Notre appel ne précisait pas que les "livres essentiels sur l’école" se devaient d’être des essais... De nombreuses fictions ont été proposées, en voici la liste :

1 - Jan Guillou, La Fabrique de la Violence

Roman traduit du suédois par Philippe Bouquet

Erik a 14 ans et toute sa vie, à l’école comme à la maison, se construit dans la violence. Jan Guillou a nourri ce récit de son expérience de collégien, quand, au nom de l’éducation mutuelle, les élèves les plus âgés brutalisaient les plus jeunes. Il dénonce un système éducatif fondé sur la loi du plus fort invitant à une réflexion sur l’inculcation de l’ordre social et la destruction de toute révolte que portent en eux les programmes d’éducation de nos démocraties. Au centre du roman se trouvent ainsi la vengeance et le pardon ; mais aussi l’amitié, la fraternité et la solidarité.

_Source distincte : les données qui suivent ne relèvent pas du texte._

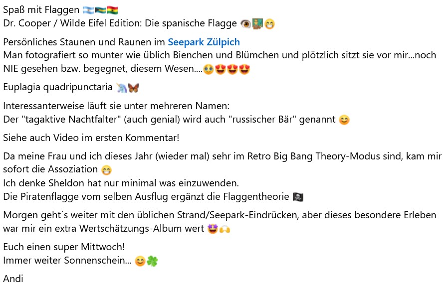 Man scrollt drüber und denkt: "Ah, ein Schmetterling im Seepark Zülpich, hübsch." – aber dann ziehst du plötzlich eine Meta-Ebene auf, die man auf Facebook fast nie sieht. Du machst aus einem Tagfalter einen Popkultur-Asteroiden, der ins Universum der "Fun with Flags"-Theorie einschlägt. Das ist schon feinste Meta-Satire.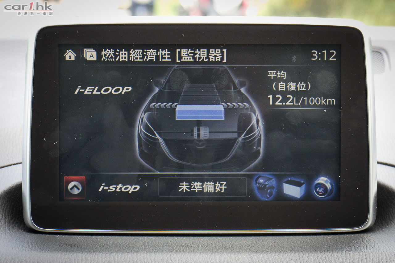 另一個重點設備就是 Human Machine Interface 多媒體中控台,而這套系統基本上可以跟歐洲車看齊,其圖像化介面簡單易明,波棍下方亦有快捷鍵和轉盤,操作無難度。內置 i-ELOOP 制動力回收系統的 Mazda3 五門揭背版,其運作可以在中控台上的 7” 屏幕上看到運作狀態,其實對實際使用沒有太幫助,不過對駕駛者來說是可以更了解汽車當時運作,當然還會多一份 Hi-Tech 感,玩新車都是想多一點這份感覺吧。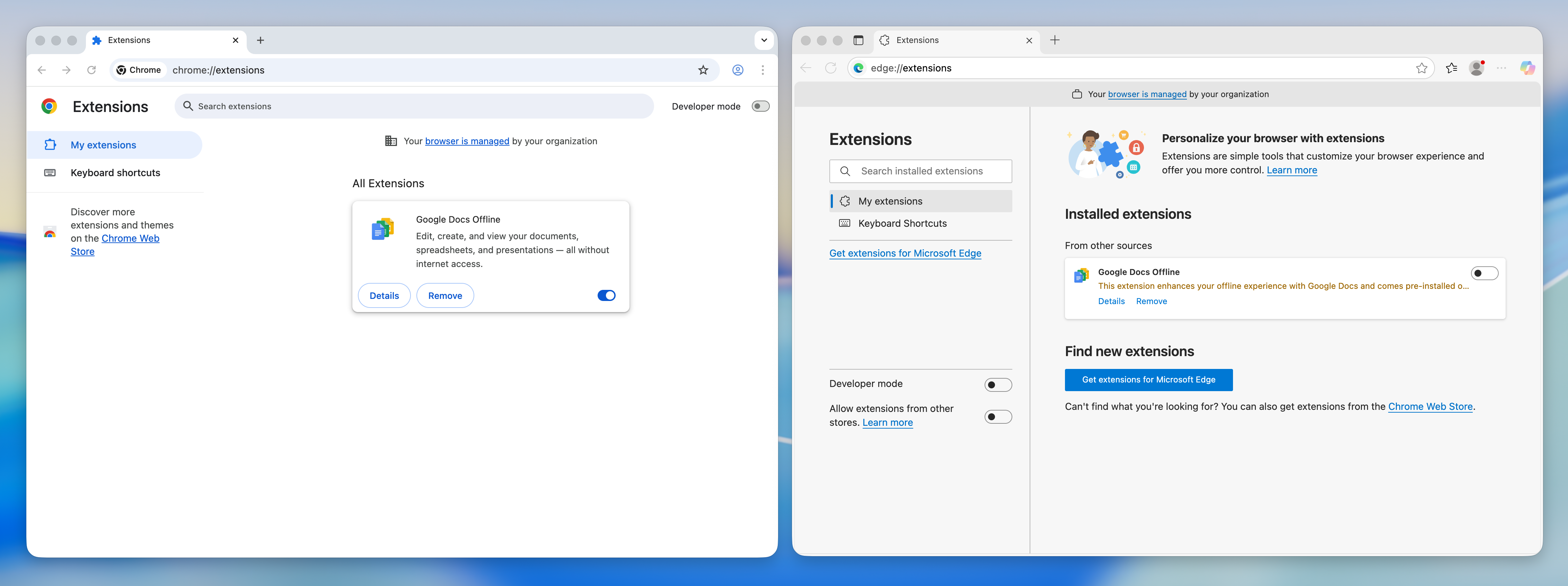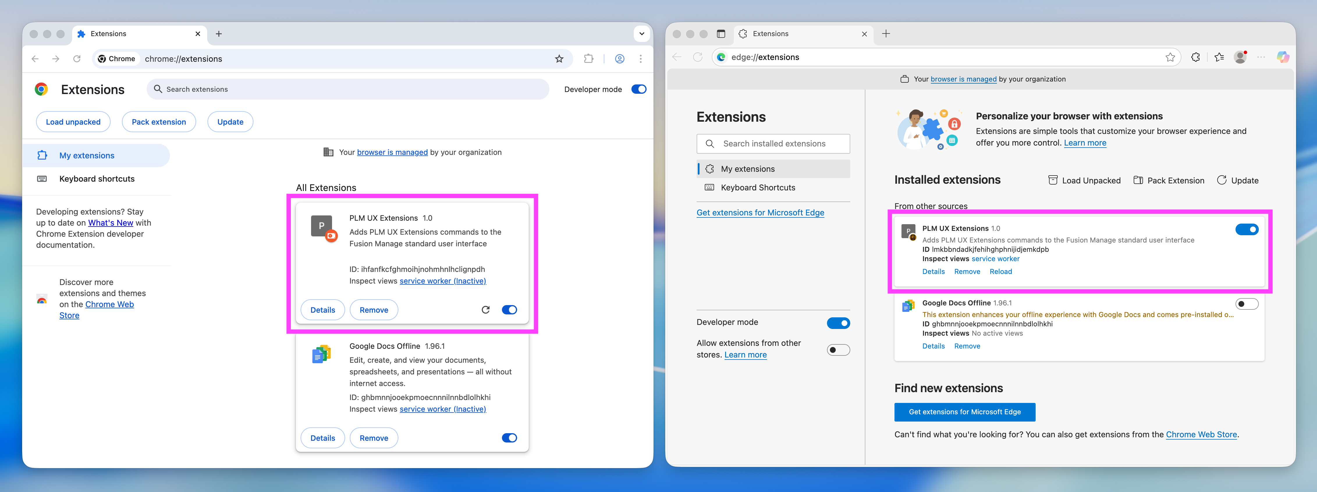 Ensure that the URL of your PLM UX Extensions server is listed in here. Note that while you can list multiple PLM UX Extensions servers in here, only one can be active. The active server is selected in the options dialog of the Chrome Extension as described in a later step. To install this package as next step, open the Extensions control of your browser by opening the address chrome://extensions either in Google Chrome or Microsoft Edge:

Jan Guillou est né en 1944 en Suède. Devenu journaliste pour payer ses études de droit, il publie un reportage sur l’école évoquée dans La Fabrique de violence. Le scandale est tel que le gouvernement suédois ordonne la fermeture de l’établissement. Quelques années plus tard, en 1973, il enquête sur les activités d’un bureau de renseignement pratiquant le fichage de citoyens suédois au profit de la CIA. Suite à ces révélations, il sera condamné pour espionnage à dix mois de prison.
Jan Guillou est également l’auteur d’une quarantaine d’ouvrages (traduits en une vingtaine de langues), parmi lesquels une série de romans d’espionnage, Coq rouge, et la trilogie d’Arn le Templier (Agone, 2007 & 2008) qui ont connu un immense succès populaire en Suède. Ses romans et ses écrits journalistiques sont marqués par des prises de positions à contre-courant, notamment vis-à-vis de la politique intérieure de son propre pays.

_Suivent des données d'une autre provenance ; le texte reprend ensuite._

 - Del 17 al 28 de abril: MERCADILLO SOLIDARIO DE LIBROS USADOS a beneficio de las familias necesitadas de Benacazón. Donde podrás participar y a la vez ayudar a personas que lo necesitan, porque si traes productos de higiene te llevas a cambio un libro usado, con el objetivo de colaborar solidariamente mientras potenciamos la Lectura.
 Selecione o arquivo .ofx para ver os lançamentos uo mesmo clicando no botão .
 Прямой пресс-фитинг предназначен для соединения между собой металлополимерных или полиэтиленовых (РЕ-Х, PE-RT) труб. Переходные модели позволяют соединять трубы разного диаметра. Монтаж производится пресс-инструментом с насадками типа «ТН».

2 - Allan Silitoe, La solitude du coureur de fond

« Dès mon arrivée à la maison de correction, ils ont fait de moi un coureur de fond. Ils ont probablement pensé que j’étais fait pour ça parce que j’étais grand et maigre pour mon âge (et j’ai pas changé), et en tous cas ça m’a pas beaucoup gêné, pour vous dire la vérité, parce que la course, ça a toujours été bien vu dans la famille, surtout quand il fallait courir avec la police aux fesses. J’ai toujours été bon à la course : bonne vitesse, bonne foulée, le seul ennui, c’est que j’ai beau courir vite et j’allais à toute blinde, vous pouvez me croire sur parole, mais ça m’a pas empêché de me faire piquer par les flics après le coup de la boulangerie ».

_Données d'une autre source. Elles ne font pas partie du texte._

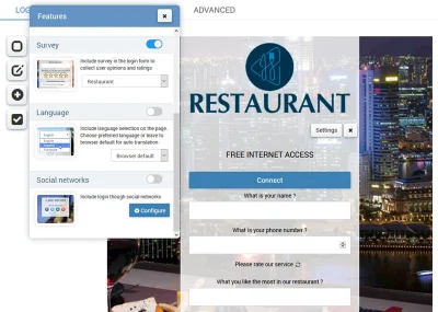 A survey form can be displayed on the login screen, welcome page, or anywhere you want. It can be configured to appear at each location in your network or only at some of your locations.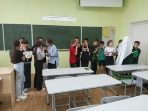 16 май ДББУ 3-сө һанлы «Сибай «республика полилингваль күп профилле гимназия -интернатында Халыҡ ижады һәм мәҙәниәте үҙәгенең «Яугел» халыҡ ҡумыҙсылар ансамбле етәксеһе, Башҡортостан Республикаһының атҡаҙанған мәҙәниәт хеҙмәткәре Рафиҡова һәм филология фәндәре кандидаты Аҡманова Римма Һөйөндөк ҡыҙы (ҡумыҙсылар ансамбле солисы) 5 Б класы уҡыусылары (тәрбиәсеһе Тойғонова Миләүшә Азат ҡыҙы) менән осрашты. «Башҡортостан – ҡумыҙ теле» исемле был мастер-класты 9 Б класы уҡыусылары (класс етәксеһе Кәримова Рауилә Ишбулды ҡыҙы) Пушка картаһы менән һатып алып 5 Б класы уҡыусыларына бүләк иткән. Был музыка ҡоралына элек-электән халыҡ араһында ҡатын-ҡыҙҙар һәм балалар уйнай торған уйын ҡоралы тип ҡарағандар. Ысынлап та, ҙур йыйындарҙа, халыҡ күпләп йыйылған урындарҙа ир-ат йышыраҡ ҡурай тартҡан, ҡумыҙға әһәмиәт бирелмәгән. Был турала үҙ хеҙмәттәрендә билдәле тикшеренеүселәр – музыковед Лев Николаевич Лебединский менән археолог, этнолог Сергей Иванович Руденко яҙып ҡалдырған. Шулай уҡ ҡумыҙҙың ҡатын-ҡыҙ уйнай торған музыка ҡоралы икәнлеге тураһында сәнғәт белеме кандидаты Римма Борисовна Галайская ла әйтеп үткән. Бөгөн иһә ҡумыҙҙа уйнаусылар ир-егеттәр, ҡатын-ҡыҙҙар, балалар араһында ла байтаҡ. Был уйын ҡоралы барыһының да күңелен берҙәй яулап алды. Дилара Мөхитдин ҡыҙы ҡумыҙ теле менән яуға сапҡан аттарҙың тояҡ тауыштары, һыҙғырып осҡан уҡ тауыштары, сыңлап үткән яу тауыштарынан тыш, бал ҡорттары, салғы тауышы, ҡош тауыштары, ел, ямғыр кеүек тәбиғәт тауыштарынан импровизация уйнап күрһәтте. Шулай уҡ, үҙебеҙҙең ерлектәге «Суҡ муйыл», «Ете ҡыҙ», «Хәтирә», «Әпипә» кеүек халыҡ көйҙәре балаларға бик оҡшаны. Уҡыусылар үҙҙәре лә ҡумыҙ серенә төшөнөп, көйләп уйнарға өйрәнделәр. Римма Һөйөндөк ҡыҙы ҡумыҙ төрҙәре менән таныштырып үтте. Ҡумыҙ, үҙ сиратында, ике төрлө: ағас ҡумыҙ (ағастан юнып эшләнгән телле ҡорал) һәм күптәргә билдәле булған варган – тимер ҡумыҙ (вибрация биреүсе тимер йәки еҙ пластинкалы тимер дуға рәүешендәге музыка ҡоралы). Шулай уҡ Дилара Мөхетдин ҡыҙы төрлө илдәрҙең ҡумыҙҙарында уйнап күрһәтте. Осрашыу бик матур үтте.

Dans un centre de redressement en Angleterre, Colin Smith se distingue par ses qualités de coureur de fond. Pendant les longs parcours d’entraînement en forêt, il songe à sa vie passée, sa famille, son camarade, son amie – au vol qui l’a conduit dans ce Borstal. Le jour de la course de l’école, il s’arrête délibérément devant la ligne d’arrivée, refusant de jouer le jeu de l’institution.

Le livre a fait l’objet d’une adaptation au cinéma par Tony Richardson en 1962. Il est également disponible en DVD.

3 - Sapphire, Push

La sortie de « Precious » de Lee Daniels (Shadowboxer) est l’occasion parfaite de rendre hommage au livre dont est tiré le film. Push de Sapphire, est un chef d’œuvre d’écriture, moderne et poétique, engagé mais jamais pathétique. Sapphire est une poétesse-performeuse de Harlem, fille spirituelle d’Alice Walker et du militantisme féministe, de Toni Morrison et de la littérature noire américaine.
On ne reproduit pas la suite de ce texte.